A few months ago a colleague and long-time friend of mine published an intriguing blog on a few of the less discussed costs associated with implementing microservices. The blog post made several important points on performance when designing and consuming microservices. There is an overhead to using a remote service beyond the obvious network latency due to routing and distance. The blog describes how there is a cost attributed to serialization of JSON and therefore a microservice should do meaningful work to overcome the costs of serialization.
While this is a generally accepted guideline for microservices, it is often overlooked and thus a concrete reminder helps to illustrate the point. The second point of interest is the costs associated to the bandwidth size of JSON based RESTful API responses. One potential pitfall of having a more substantive endpoint is that the payload of a response can degrade performance and quickly consume thread pools and overload the network.

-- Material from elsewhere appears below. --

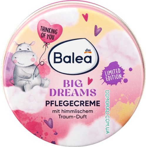 Доглядаючий крем Big Dreams від Balea балує вас ароматом божественної мрії, який зачаровує почуття та забезпечує всебічний приємний догляд. Композиція квітково-фруктового аромату робить нанесення особливим моментом відпочинку. Насичена формула ідеально підходить для інтенсивного догляду та зволоження тіла, обличчя та губ. Цей універсальний крем робить шкіру м’якою та еластичною

These two main points made me think about alternatives and I decided to create an experiment to see if there were benefits from using Google Protocol Buffers (aka, "Protobuf" for short) over JSON in RESTful API calls. I set out to show this by first highlighting performance differences between converting JSON using Jackson into POJOs versus Protobuf messages into and out of the a data model.
I decided to create a sufficiently complex data model that utilized nested objects, lists and primitives while trying to keep the model simple to understand; Therefore I ended up with a Recipe domain model that I would probably not use in a serious cooking application, but serves the purpose for this experiment.

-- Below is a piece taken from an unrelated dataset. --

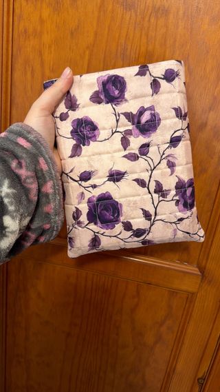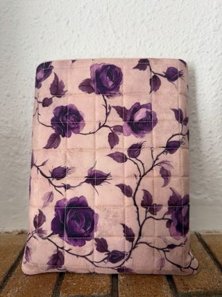 Funda tipo sobre con un bonito estampado floral. - Diseño acolchado. - Rosas moradas sobre fondo beige.

TEST #1: MEASURE COSTS OF SERIALIZATION AND DESERIALIZATION
The first challenge I encountered was how to work effectively with Protobuf messages. After spending some time reading through sparse documentation that focused on an elementary demonstration of Protobuf messages, I finally decided on a method for converting Messages in and out of my domain model. The preceding statements about using Protobufs is opinionated and someone who uses them often may disagree, but my experience was not smooth and I found messages to be rigid and more difficult than I expected.

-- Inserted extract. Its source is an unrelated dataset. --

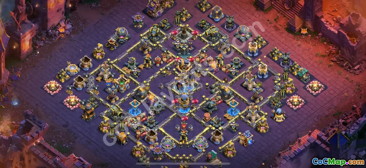 This comprehensive TH18 war base layout is specifically designed to maximize defense against two-star attacks in Clash of Clans 2025. Featuring a strategic placement of defenses, splash damage, and traps, it effectively neutralizes common attack strategies used by top clans during CWL wars.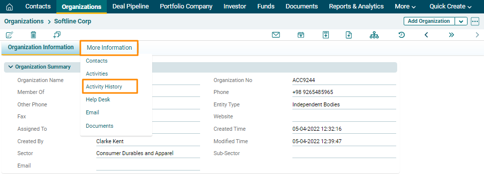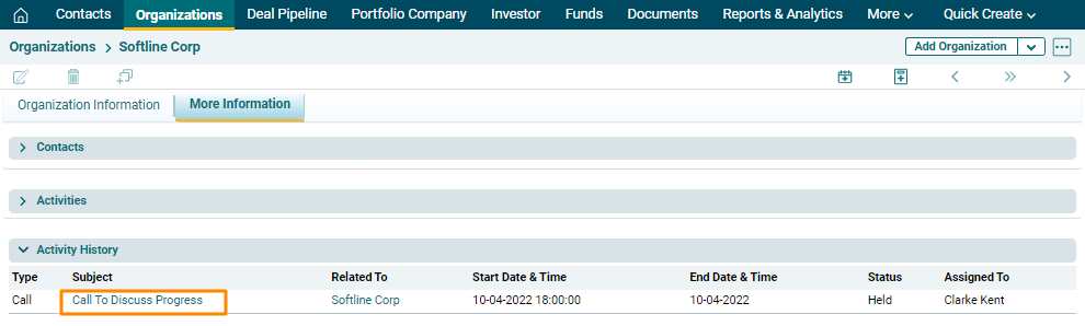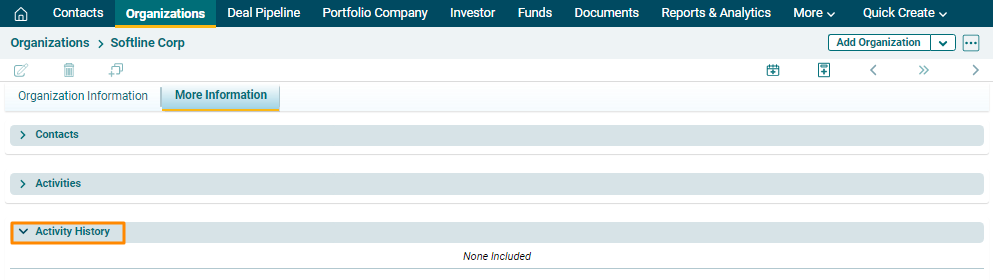 2. Alternatively, click on More Information tab. There are several panels here, including Activity History panel. Any activity, when completed, appears here.

The second challenge I encountered came when I wanted to measure the "performance" of both marshaling JSON and Serializing Protobufs. I spent some time learning JMH and designed my plan on how to test both methods. Using JMH, I designed a series of tests that allowed me to populate my POJO model, then construct a method that converted into and out of each of the technologies. I isolated the conversion of the objects in order to capture just the costs associated with conversion.
TEST #1: RESULTS
My results were not surprising as I expected Protobuf to be more efficient. I measured the average time to marshal an object into JSON at 876.754 ns/operation (±43.222ns) versus 148.160 ns/operation (±6.922ns) showing that equivalent objects converted into Protobuf was nearly 6 times faster than into JSON.
Reversing a JSON and Protobuf message into a POJO yielded slower results and were closer together, but Protobuf still out performed JSON un-marshaling. Converting a JSON string into the domain object took on average 2037.075 ns/operation (±121.997) and Protobuf message to object took on average 844.382 ns/operation (±41.852), nearly 2.4 times faster than JSON.
Run the samples yourself using the github project created for this project: https://github.com/mike-ensor/protobuf-serialization
Test #2: Bandwidth differences
I did not find a straight forward way to capture bandwidth using traditional Java-based tools, so I decided to setup a service on AWS and communicate to the API using JSON and Protobuf requests. I then captured the traffic using Wireshark and calculated the total amount of bytes sent for these requests. I included the headers and payload in the calculation since both JSON and Protobufs require Accepts and Content-Type mime-type headers.
Test #2: Results
The total size of the request for the JSON request was 789 bytes versus the Protobuf at 518 bytes. While the JSON request was 45% greater in size than the Protobuf, there was no optimization applied to either request. The JSON was minified but not compressed. Using compression can be detrimental to the overall performance of the solution based on the payload size. If the payload is too small, the cost of compressing and decompressing will overcome the benefits of a smaller payload. This is a very similar problem to the costs associated with marshaling JSON with small payloads as found by Jeremy's blog.
After completing a project to help determine the overall benefits of using Protobuf over JSON I have come to a conclusion that unless performance is absolutely critical and the developing team's maturity level is high enough to understand the high costs of using Protobufs, then it is a legitimate option to increase the performance associated with message passing.
That being said, the costs of working with Protobufs is very high. Developers lose access to human readable messages often useful during debugging. Additionally, Protobufs are messages, not objects and therefore come with more structure and rigger which I found to be complicated due to the inflexibility using only primitives and enums, and updating messages requires the developer to mark new fields as "optional" for backwards compatibility. Lastly, there is limited documentation on Protocol Buffers beyond the basic "hello world" applications.